Thursday, December 20, 2018

reviewing flexbox with flexbox froggy

A coworker mentioned - it's a fun little review of flexbox's ordering and alignment, but maybe it's a bit limited: like, you don't see the underlying DOM the frogs represent, and really the power of flexbox is dealing gracefully for times when things need to jump to another line, the toy only offers a fixed-size pond. (Good to remember how flex-flow =  flex-direction + flex-wrap e.g. "row wrap" or "column-reverse nowrap")

Overall I think I get better results just going to CSS-tricks' guide to flexbox (not coincidentally the first google hit for flexbox) which has a lot of visual examples, usually that guides me to the property I'm looking for.

Grid Garden is similar to Flexbox Froggy but for grids.

It's easy for an old caveman ui guy to scoff a bit as I see CSS in browsers finally catching up to what was trivial to do in the Bad Old Tables For Layout Days. Though obviously it's an old and settled issue, still Eric Meyer put it pretty well in 2009:
All this is why the old “only use tables for layout” argument keeps coming up over and over: strip away the overheated rhetoric and obvious link-baiting, and you find the core of a real need. Because as powerful as CSS can be, table cells do certain things very easily that CSS makes very, very hard. Cells stretch vertically, keeping equal heights as a matter of their intrinsic nature. They stay out of each others’ way, while still being allowed to sit next to each other and use any sizing dimensions. They tie their layout to their parent elements, and vice versa.
Flexbox and Grid finally get back to some of that, but neither either completely, and you still gotta think of browser support and what not.

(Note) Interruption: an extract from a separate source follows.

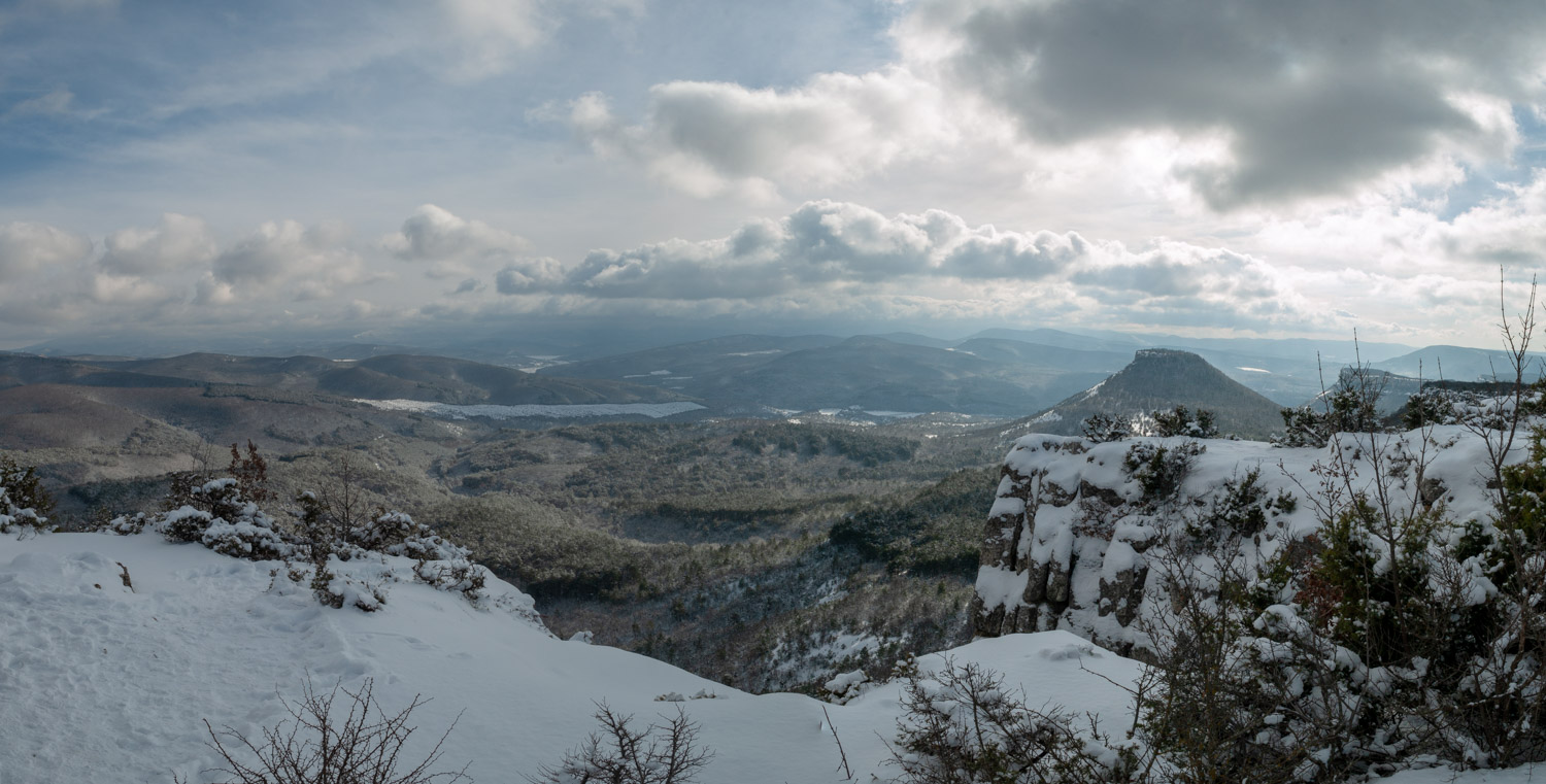 Успенский монастырь разросся. Чуфут-Кале. Из-за гололеда закрыт, но нам сегодня пещерный город не интересен. Караимское кладбище. На информационном листе написано что оно имеет 7000 захоронений. Очень много памятных табличек, в каком-то хаусе, я всё думал как сюда их принесли и как сделали, камень хрупкий, а все надписи и орнаменты каким-то образом выдалбливали. Встретил и современные захоронения. Снега на средней гряде гор достаточное количество. А вот за этим мы шли. Теперь можно сесть на лавочку, здесь туристическая точка и сюда возят на УАЗиках туристов. Мы же пришли пешком Бачхисарая. Просматривается и Тепе-Кермен, и Научное, и Сель-Бухра. А как-то летом там внизу лежал мой внедорожный путь на дастере между перечисленными объектами. Главная гряда цепляет облака и к сожалению Бабуган не просматривается. Последний раз редактировалось Подводник; 23.01.2022 в 18:38. |

I always thought my lack of concern about using tables when expedient reflected by engineer side. A designer might think, this HTML Dom is the pure, canonical representation of information!  For developers used to working at layers lower than that front end, though - that's hardly ever the case, there's always a database and so the form of the DOM can be thought of as more transient. On the other hand, in a world ruled by Google scrapers and what not, in some ways the DOM is a bit canonical, in terms of it being the primary representation of your information that the outer world has access to (not to mention accessibility things like screenreaders, but doing a perfect or even completely adequate job there is beyond what most developers will put into it.)